At a meeting on 6 May, a European Commission decision will be made that may withdraw funding from the Eurocontrol ETS support facility, a system that calculates the emissions of aircraft using flight tracking data from Eurocontrol's central flow management unit. Airlines are complaining that this is a function that they should not have to support through air navigation service user charges, so if their voice dominates the meeting, or if an alternative form of funding for the ETS support facility is not found, small emitters will have to work within the ETS using the far more complex emissions accounting system that large emitters like airlines will be required to use. The European Business Aviation Association says that the administrative burden is so massive for such small emissions that the cost of compliance with such a system may be up to forty times the cost of buying the emissions offsets.

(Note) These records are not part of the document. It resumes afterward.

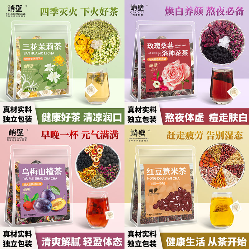 四種類の組み合わせの混合茶の組み合わせのバラのクコの実の金銀の花の独立した包装の花のお茶の公式のお茶の包み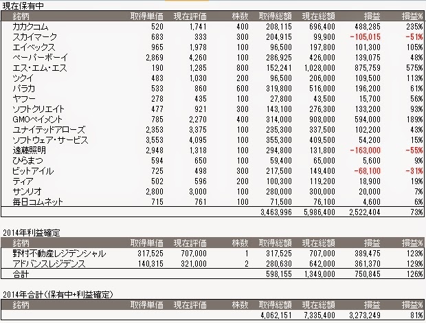 利益確定分も含めると2014年の年初来パフォーマンスは+5.0%(+327万円)でした。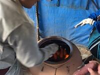 そして、練炭に入れた炭に火がつくように、ひたすらあおぎます!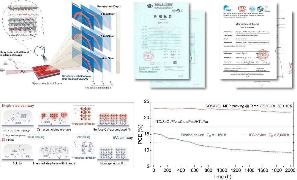 针对这一难题,袁明鉴带领研究团队结合理论预测,发展了一种具有更高热稳定性的合金钙钛矿制备策略,该策略彻底解决甲脒铯组分钙钛矿薄膜组分不均一的问题。利用该策略制备的钙钛矿太阳能电池器件,展现出世界一流的能量转换效率与高温工况稳定性。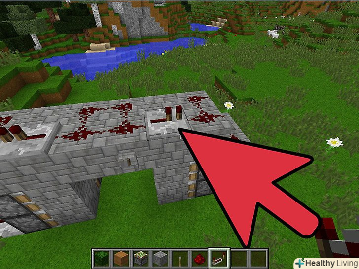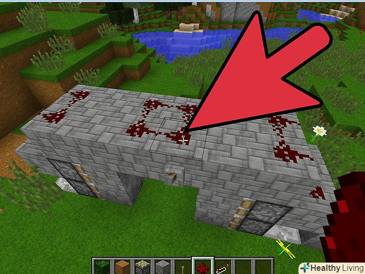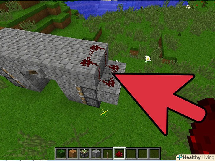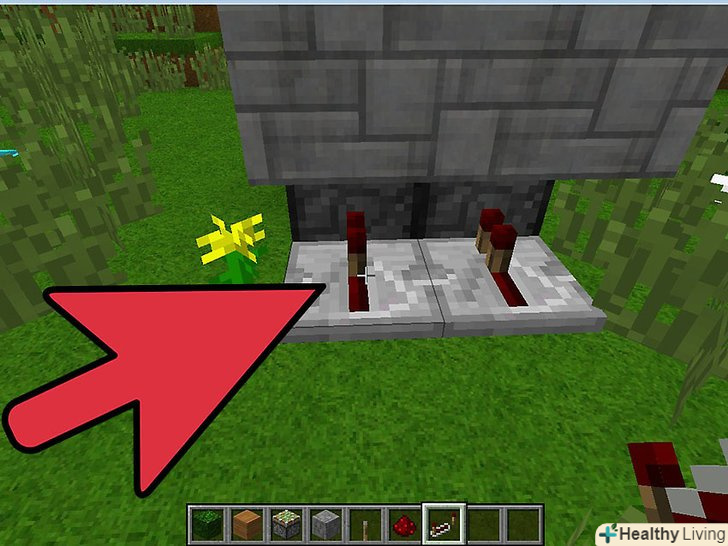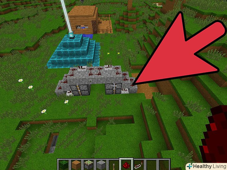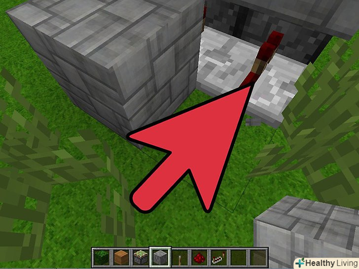 Підключіть провід з червоного каменю до нижнього блоку знаходиться ззаду нижнього пістона.

EBAA president Brian Humphries says the loss of the ETS support system would be a disaster for small operators, loading them with disproportionate costs without improving the performance of the ETS itself, and therefore with no benefit to the environment. Yet advice from within the Commission at present, says Humphries, suggests that business operators may have to suffer the expensive bureaucracy in order to assemble the data that would enable them to demonstrate that it is suffocatingly bureaucratic, expensive and ineffective.

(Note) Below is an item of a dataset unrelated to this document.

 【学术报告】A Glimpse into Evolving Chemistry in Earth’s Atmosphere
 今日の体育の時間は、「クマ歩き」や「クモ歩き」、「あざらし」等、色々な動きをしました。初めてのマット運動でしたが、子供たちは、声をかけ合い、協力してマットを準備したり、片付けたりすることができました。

Meanwhile the ETS support facility itself is still in the process of being assessed to determine how accurate it is. If it proves highly accurate, the emissions threshold for operators allowed to use the system to verify their carbon dioxide output could be upped, with the very high emitters still being required to account more precisely for their fuel use/emissions. But the whole system hinges on the 6 May decision as to where future support facility funding will come from. Its continued existence is important not only to business aviation, but to the European aviation ETS as a whole, because it is one of the main emissions verification systems.